Царица поднялась и, закрыв лицо руками, дала волю слезам.

Эйе сам поил фараона из священной чаши, доставленной из храма Амона, а его главный лекарь поддерживал голову фараона. Потом лекарь стал ощупывать руки и ноги больного. Они были неподвижны. Царица никогда не видела своего господина таким беспомощным. Ей захотелось кричать, рыдать, рвать на себе волосы, как это делают плакальщицы, провожая в последний путь знатного господина, но она не позволила себе этого в присутствии Эйе, врачевателя и бедного, беспомощного фараона, который не мог двигаться, ничего не видел, но что-то слышал и понимал, если сказал ей — любимая…

— Спасите моего великого, моего прекрасного господина! — умоляла Анхесенпаамон, когда Эйе отошел от ложа больного.

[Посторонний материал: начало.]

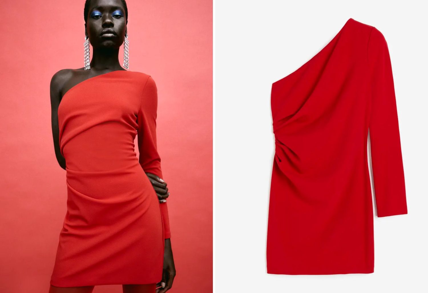 Conquista las miradas en los días festivos con el vestido rojo de H&M, una joya asequible a solo 25,99 euros. Este encantador diseño asimétrico te ofrece un estilo distintivo que no pasará desapercibido. El vestido corto, confeccionado en tejido elástico, presenta un hombro al descubierto y una manga larga, añadiendo un toque de sensualidad y elegancia.

Она ломала руки, обливалась слезами, но делала это молча, чтобы Тутанхамон не услышал ее. Потом она обратила внимание на то, как он шарит правой рукой, и она поняла, что он ищет ее и не может сказать. Тогда она снова склонилась над его ложем, поцеловала его в бледный лоб и взяла в свои руки еще живую трепещущую правую руку. Она гладила руку и говорила:

— Это пройдет, мой любимый, не тревожься, не печалься. Эйе знает великие, волшебные средства, он вылечит тебя.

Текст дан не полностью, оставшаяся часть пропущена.